I consider this a show-stopper. The ability to run so-setup a second time is a hard requirement for me. That it used to work, but as of 2.3.90 no longer does (on Ubuntu), is a pretty serious regression for my use case. I know this is open source and free, and I want to be clear that I do appreciate all the hard work you guys put in, but these things make me lean more toward rolling a custom solution, even if it's based on your images but managed by docker-compose rather than salt. While I like the tools present in SO2, the transition from SO16.04 to SO2 has been really tough for me.

But alas, this issue's comment stream still isn't the place to hash that out.

So back to the topic, again... I've looked through https://docs.securityonion.net/en/2.3/release-notes.html and don't see this listed as a known issue for 2.3.90. In fact the last release where major issues were spelled out as known issues was 2.3.50. Will that practice return, or should we be monitoring your Projects and Issues pages on github before each upgrade for show-stoppers like this?

dougburks commented 2 years ago

@petiepooo We appreciate constructive criticism. However, as I'm sure you're aware, this recent log4j issue is our top priority right now. We will take a look at this reinstall issue as time allows, but we have neither the time nor the energy right now to continue debating.
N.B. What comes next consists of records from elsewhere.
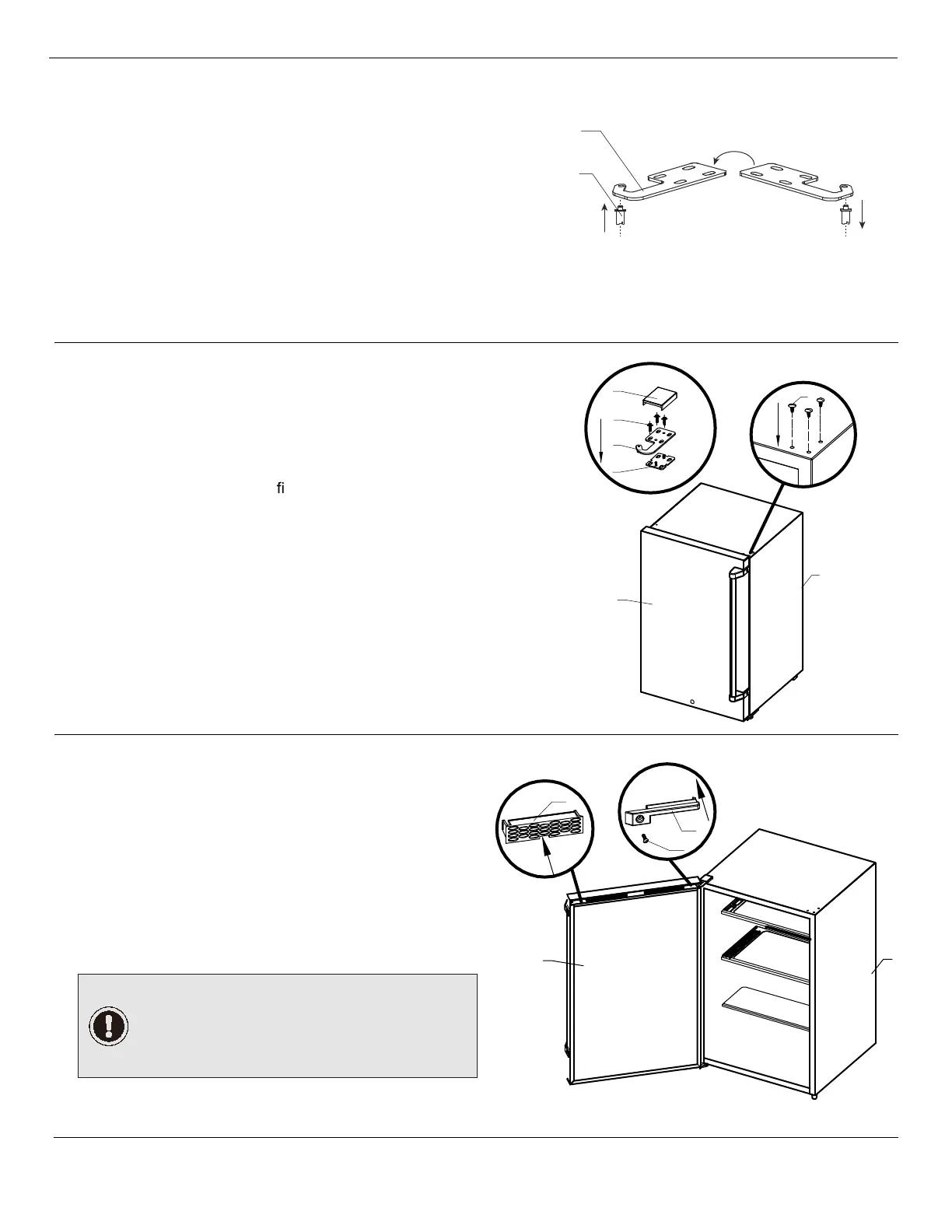 □ Install the door (C) onto the cabinet (I).
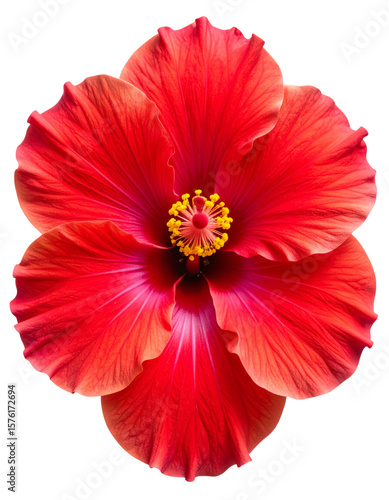 Bright Red Hibiscus Flower in Top View with Yellow Stamen – PNG Isolated
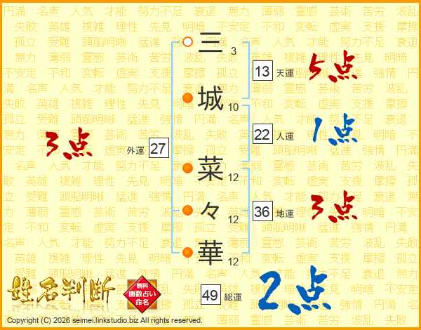 三城菜々華さんの総運は49画の2点!
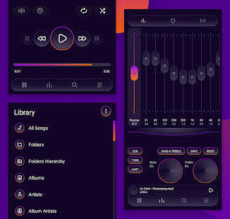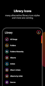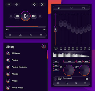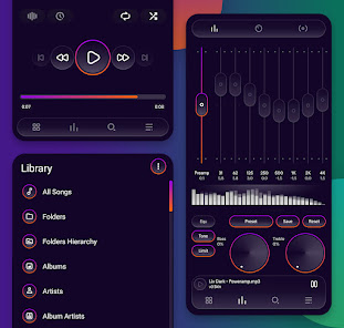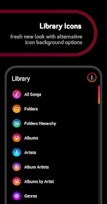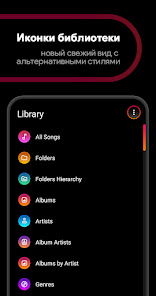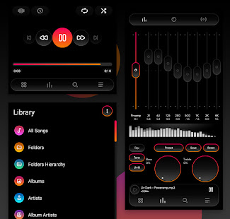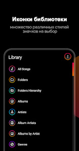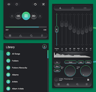 Liv Dark использует красивые цвета с настраиваемыми значками, что придает Poweramp свежий, современный вид!
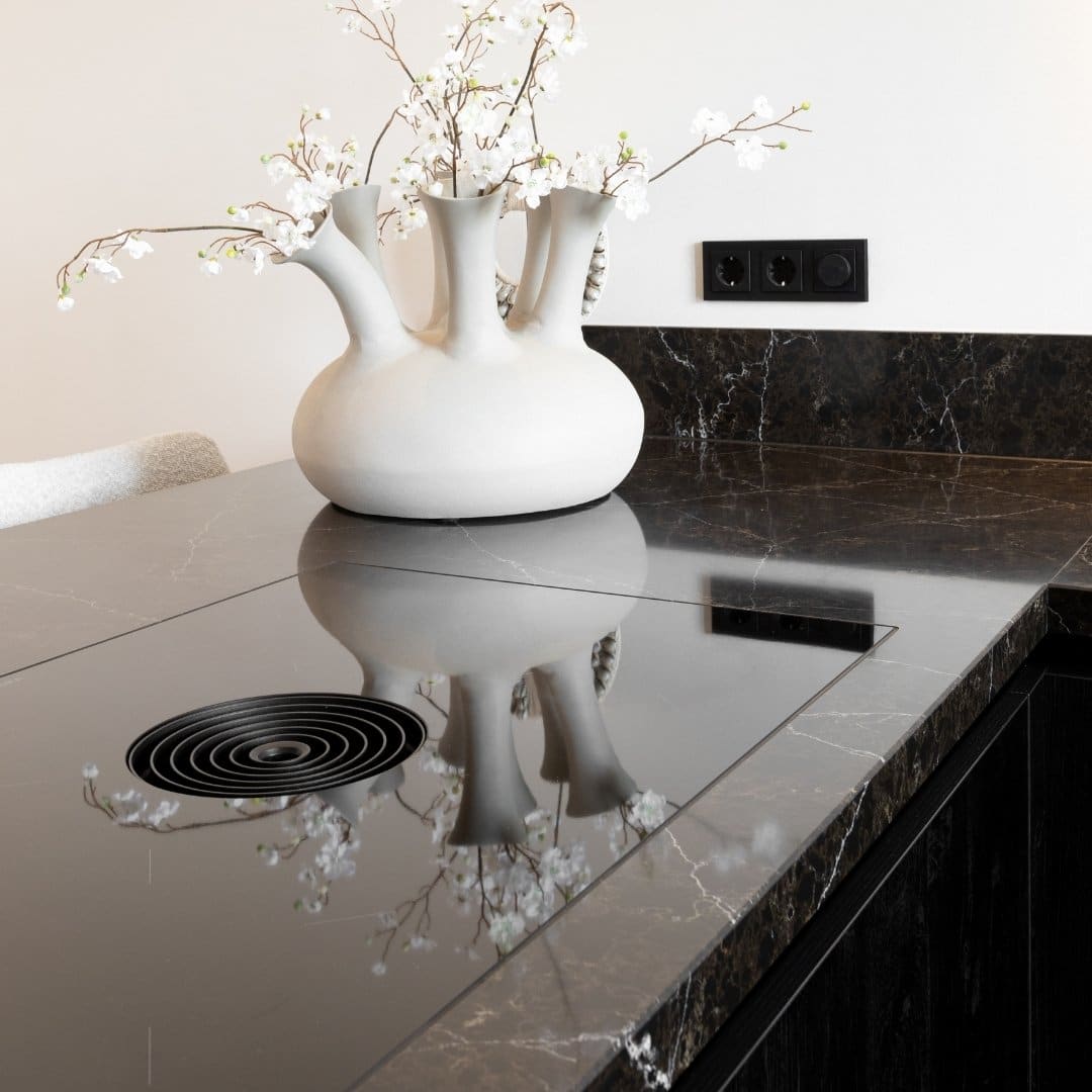 - Kleurgebruik: Zwart hout, zwart-beige marmerlook en subtiele lichte accenten.
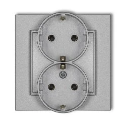 MINI Gniazdo podwójne z uziemieniem SCHUKO 2x(2P+Z) (bez przesłon torów prądowych) srebrny metalik 7MGP‑2s
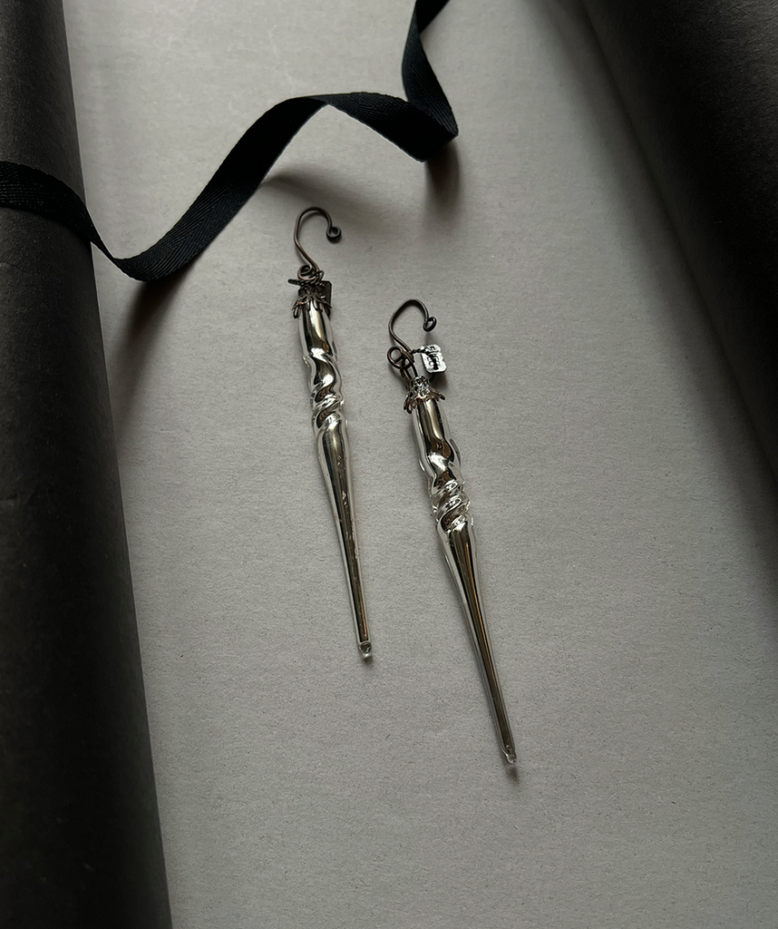 Tilfør julen elegance med disse smukke mundblæste og håndsnoede glasistapper. De er fastgjort med en metalklemme, så de kan hænge på juletræet.
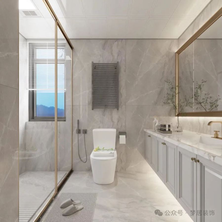 設計師采用拉絲金屬與清玻結合,空間增加隱藏燈光配置,所有配置一應俱全,用陳列的方式構筑舒適奢雅的衛(wèi)浴空間。線條則引入一種有序的理性之感,進而流露出現(xiàn)代輕奢主義中的舒適美學。
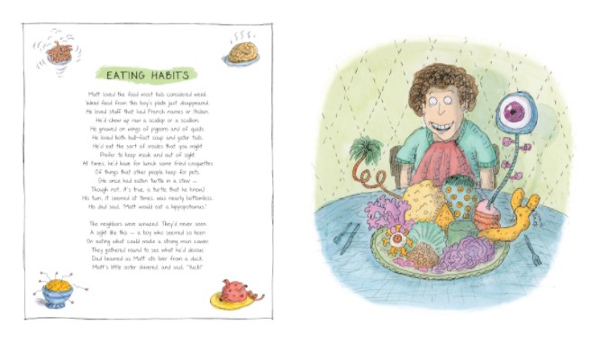 Thought I’d share two poems that soundly rang my bell. You’ll see why (Matt Forrest Esenwine, do you like weird food?). Lick your chops and enjoy!
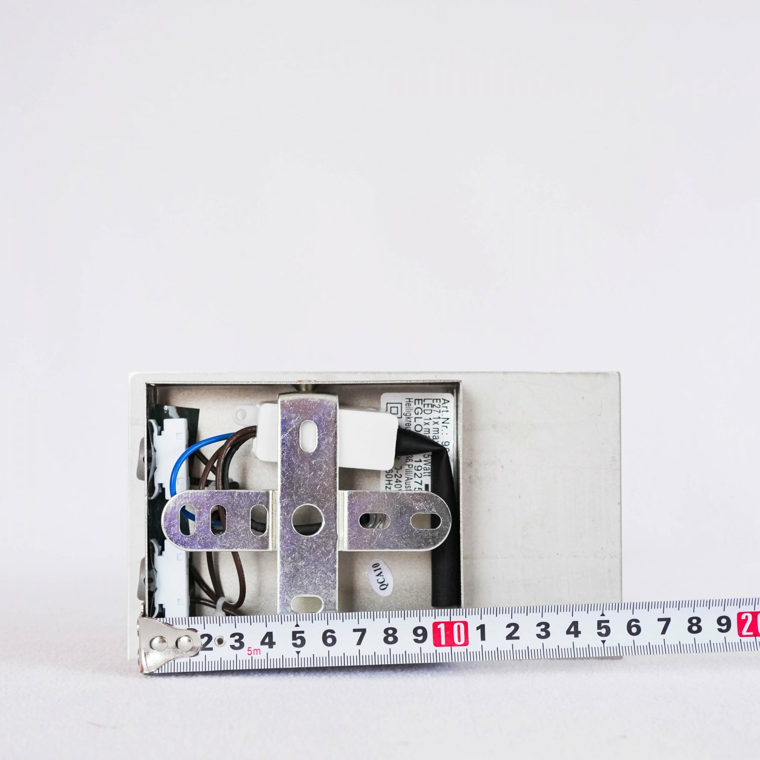 В комплекте нет ничего, кроме самого светильника и абажура. Ни крепежа, ни шнура (видимо потому что рассчитано на подводку из стены и незаметного подключения. Однако не всегда так можно и нужно). Кстати, это и не недостаток даже, а особенность конструкции - шнур в принципе не предусмотрен, так как под него нет и отверстия в коробке. Это и плюс (кому так надо) и минус (кому так не надо). |
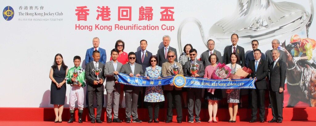 本網訊 7月1日,為慶祝香港回歸祖國22周年,香港賽馬會在沙田馬場舉辦「香港共慶回歸賽馬日」活動。我辦副主任盧新寧、外交部駐港特派員公署副特派員宋如安等出席並為「回歸杯」賽事頒獎。

In the meantime, here are some options for you:

petiepooo commented 2 years ago

Part of this issue may be that salt is trying to patch the influxdb python module during every install and call to highstate. By my reckoning, that should be done once during install (and subsequent upgrades if needed), and should fail gracefully if it's already been patched, but should not cause errors on every call to highstate.

petiepooo commented 2 years ago

For reference, if someone else encounters this before the next minor release, running the following sequence of commands fixes this:

apt-get install --reinstall salt-common=3003+ds-1 salt-call state.hightstate systemctl restart salt-minion.service systemctl restart salt-master.service

Running apt-get with --reinstall restores the three patched files to their pre-patched state, then salt highstate attempts patching again. Once patched, salt needs to be restarted to pull the patched module in so the retention policy check doesn't fail during highstate.

It can be prevented on reinstall by editing so-functions to install salt-common along with salt-master and adding the --reinstall flag to the command so it overwrites the patched files during setup.

dougburks commented 2 years ago

Re-running Setup on Ubuntu 18.04 works properly in 2.3.100 now.